The risk for bias or discriminatory judgment is candidly acknowledged by the Plausibility points of the USCIS Officer Training Module: "It would be inappropriate for you to hold against the applicant the fact that he or she does not fit your notion for how LGBTI people should look or behave." [13] Furthermore, the Module emphasizes that an adjudicator should refrain from assuming implausibility of homosexual identity based upon previous marriages to the opposite sex—citing possible efforts to "conform"—or unfamiliarity with "LGBTI terminology." [14];[15] The candid and inclusive nature of this manual reveals that the precedent set through Amanfi has influenced an increasingly dynamic approach to interpreting LGBTQ+ asylum claims based on either identity or evident conduct, or both. Theoretically, this encourages a more inclusive approach towards the diverse, wide spectrum of those who consider themselves as—or are considered as—members of the LGBTQ+ community. In this regard, the ambiguity of what constitutes evidence can yield positive effects, as can the ambiguity of the term "particular social group." As a result of this ambiguity, emergent social groups based on sexual and gender identity may be considered despite not having previously had presence in the LGBTQ+ community. Individuals who identify their sexualities as fluid, or uncertain, "can also make valid claims as long as their narratives are credible…we must acknowledge that perceptions of sexuality as innate and immutable pervade our culture, and for asylum law to even implicitly recognize fluidity and constructedness is a remarkable development." [16] However, in regarding an immigration adjudicator's construction of a comfortable, "credible narrative," immigration practitioners are potentially "inadvertently limiting the immigration system’s understanding of what it means to be a queer survivor." [17]
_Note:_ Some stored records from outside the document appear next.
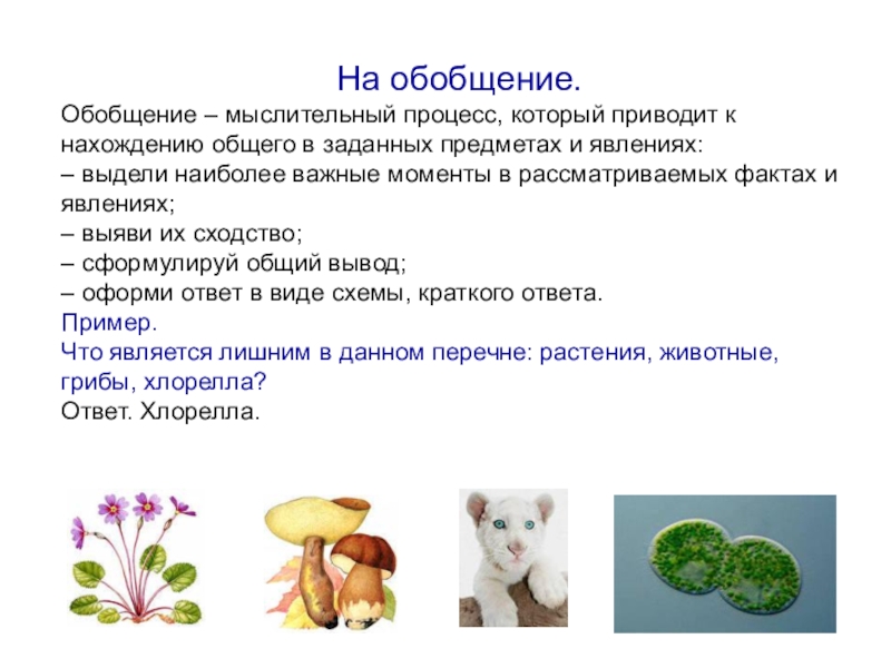 Обобщение – мыслительный процесс, который приводит к нахождению общего в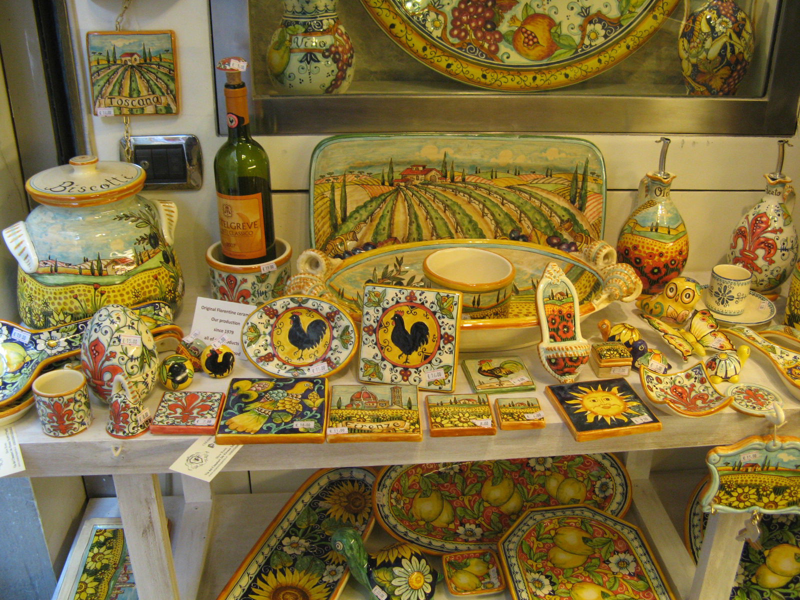 La ceramica, come il vino, è molto delicata da trasportare, ma se cerchi il regalo perfetto che possa durare una vita, ricordo dei momenti bellissimi vissuti in Toscana - o il souvenir da regalare per un'occasione speciale ad amici o parenti - hai trovato quello che fa per te! Per esempio, un vassoio, un set da tè o caffè, o un'intera collezione da tavola: si tratta di investimenti, è vero, ma tieni presente che dureranno una vita e che sono di altissima qualità. I negozi e gli artigiani che ho incontrato fino ad ora si sono rivelati sempre felici di collaborare con chi acquista per creare degli oggetti unici: molti, infatti, sono disponibili a disegnare qualcosa di speciale per te e solo per te, su commissione, prendendosi cura di spedirtelo anche a casa una volta pronto.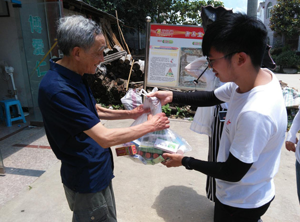 在漫水河镇万家山村卫生院发放药品(汪昕宇 摄)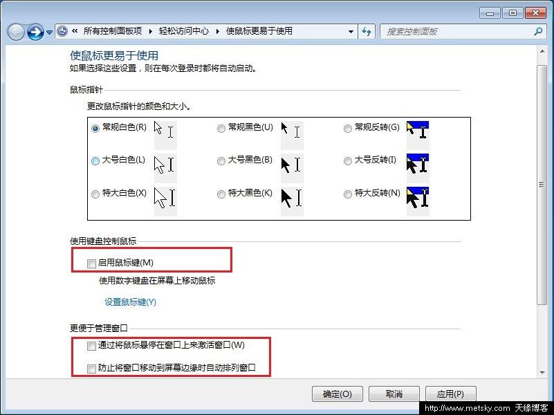 位置:控制面板——轻松访问中心——使鼠标更易于使用。事实上笔者觉得都是些”捣乱“的功能:)。

A cynical opinion may conceive that individuals looking to gain asylum in the U.S. may engage in homosexual acts solely to claim asylum on the basis of belonging to, or being imputed with, the LGBTQ+ community. While this is possible, it should be considered that if one is willing to subject themselves to potentially fatal persecution based on their perceived LGBTQ+ status—especially without the assurance of attaining U.S. asylum—then their current security and well-being may have been previously threatened. Exposing oneself before a persecutionary entity—as Amanfi did—is not done without weighing homosexual conduct as bearing less consequence than their original state. For Amanfi, this entailed the risk of being sacrificed. Thus, an adjudicator should have evaluated the granting of asylum on the basis of another persecuted social group—such as those who were targeted for sacrifice by the cult—in addition to imputed membership to the LGBTQ+ community.
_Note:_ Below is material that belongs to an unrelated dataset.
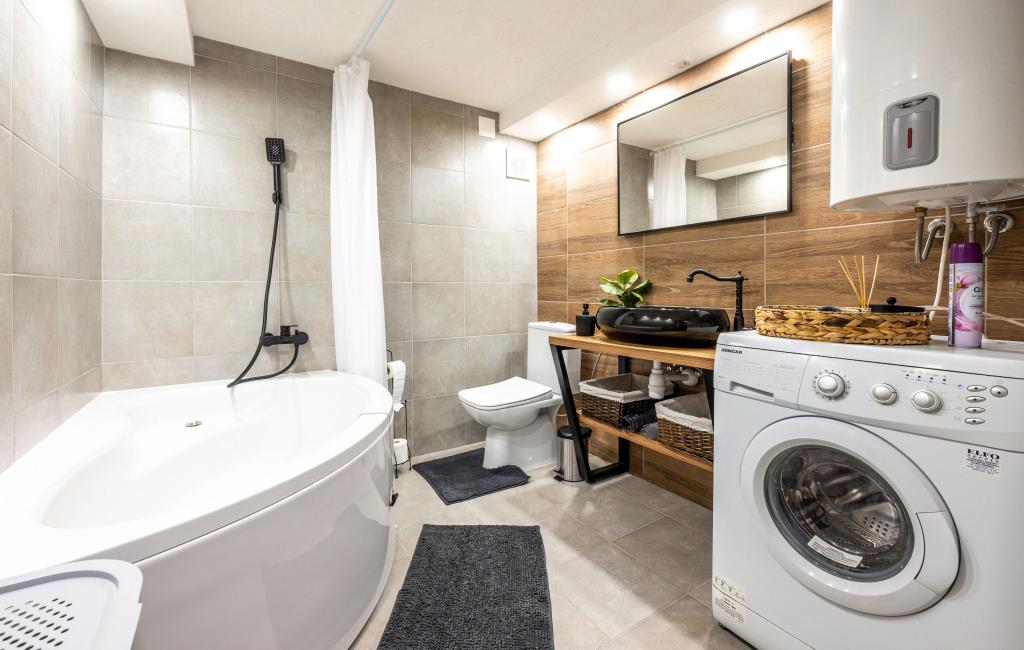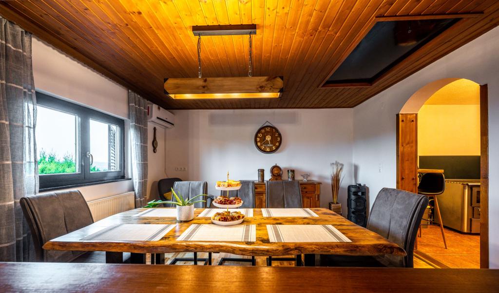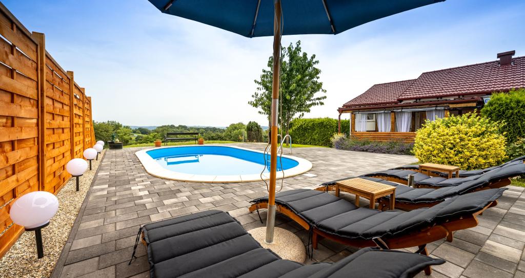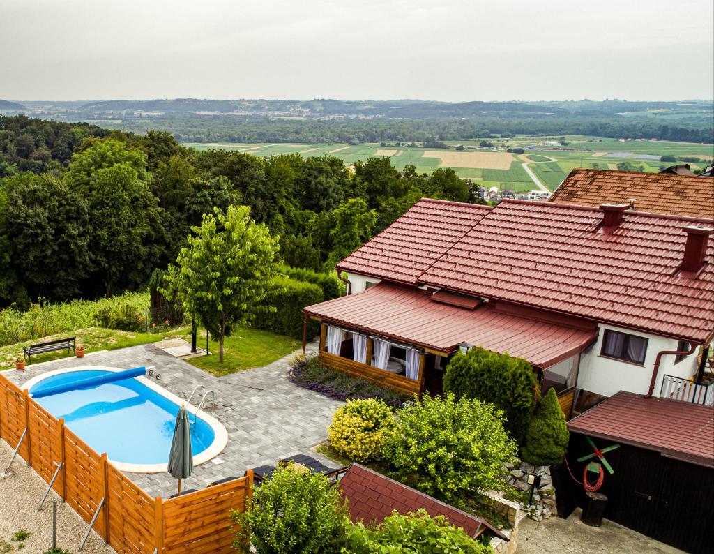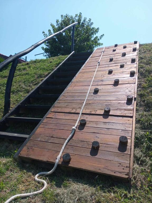 Het vakantiehuis "Nihil deest" is gelegen in Falinić Breg, gemeente Cestica, 20 km van Varaždin en 6 km van de grensovergang Dubrava Križovljanska. Het huis biedt een volledig uitgeruste keuken, badkamer met ligbad, douche en toilet, apart toilet, eetkamer, woonkamer en 2 slaapkamers met een tweepersoonsbed en 1 kamer met een eenpersoonsbed. Het huis heeft een terras met een zwembad met hydromassage en houten tuinmeubelen, een barbecue en een buitendouche op zonne-energie. Het huis is geschikt voor families met kinderen. De tuin van het huis is omheind. Op het erf is er een houten klimrek voor kinderen, een minigym, een hangende bowlingbaan en een badmintonset. Van juni tot eind september is een buitenzwembad (afmetingen 7,5x3,5 m) met ligweide geopend.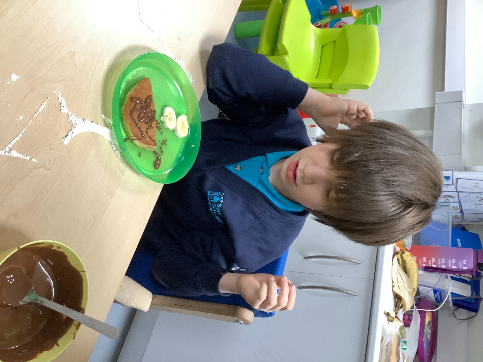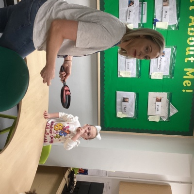 The children made pancakes this morning. Evie had a turn at tossing the pancake into the air, but it didn’t quite land back in the middle of the pan, which made everyone laugh. Once the pancakes were cooked, the children chose their own favourite toppings from a selection that included strawberries, banana, chocolate and more. They were absolutely delicious and enjoyed by all.

Despite the inclusive decision made by the U.S. Court of Appeals through Amanfi, the language of "identifying a particular social group" is nevertheless still highly discretionary, leaving apparent the risk for bias in what constitutes proof or evidence to surface in the perspective of a judicial entity. In addition, the ambiguity of what and who constitutes a "particular social group" is arrested by the BIA's group membership definition, which is based on an "immutable characteristic." "Outcomes of LGBTQ asylum claims can vary greatly by jurisdiction; while there is strong legal authority for LGBTQ claims, some judges have astonishingly low grant rates with LGBTQ cases or with Particular Social Group cases more generally." [18] While fluidity can be implicitly recognized in documents such as the USCIS  Module, it is not explicitly recognized in asylum law, leaving the potential for a stricter interpretation of a more ambiguous case of sexual identity, or imputed sexual identity.
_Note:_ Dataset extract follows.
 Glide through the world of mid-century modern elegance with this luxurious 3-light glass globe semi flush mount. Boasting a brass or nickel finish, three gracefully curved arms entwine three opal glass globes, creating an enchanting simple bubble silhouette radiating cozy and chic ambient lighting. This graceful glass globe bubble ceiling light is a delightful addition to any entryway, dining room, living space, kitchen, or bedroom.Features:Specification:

Beyond the dangerous implications for an LGBTQ+ or adjacent individual, on the international level, the U.S.'s legal rejection of an asylum-seeker's homosexual identity can have compromising effects. Such a decision has potential to indicate a lack of U.S. allegiance with legitimate victims of persecution on account of LGBTQ+ identity. It may signal to persecuting entities on the international stage the ambiguity of proving LGBTQ+ identity in claiming asylum status in the U.S., risking the perpetuation of hateful, discriminatory, and persecutory behavior—decisions wrought at the expense of LGBTQ+ lives.

 Edited by Devon Hunter

[1] "Refugees," U.S. Citizenship and Immigration Services, September 26th, 2022, https://www.uscis.gov/humanitarian/refugees-and-asylum/refugees.

[2]  Felicia Kornbluh, "Queer Legal History: A Field Grows Up and Comes Out," Law & Social Inquiry Vol. 36, no. 2 (2011): 553. 

[3] Stefan Vogler, "Legally Queer: The Construction of Sexuality in LGBQ Asylum Claims," Law & Society Review Vol. 50, No. 4 (2016): 864.

[4] Kwasi AMANFI v. John ASHCROFT, Attorney General of United States, 328 F.3d 719, (3rd Cir United States Court of Appeals, 2003).

[5] Interim Decision #3287, File A72 971 091, 489, (U.S. Department of Justice Executive Office for Immigration Review Board of Immigration Appeals, 1996). 

[6] "Case Law," Immigration Equality, November 25th, 2021, https://immigrationequality.org/legal/legal-help/asylum/case-law/#:~:text=Amanfi%20v.,applicant%20is%20not%20actually%20gay.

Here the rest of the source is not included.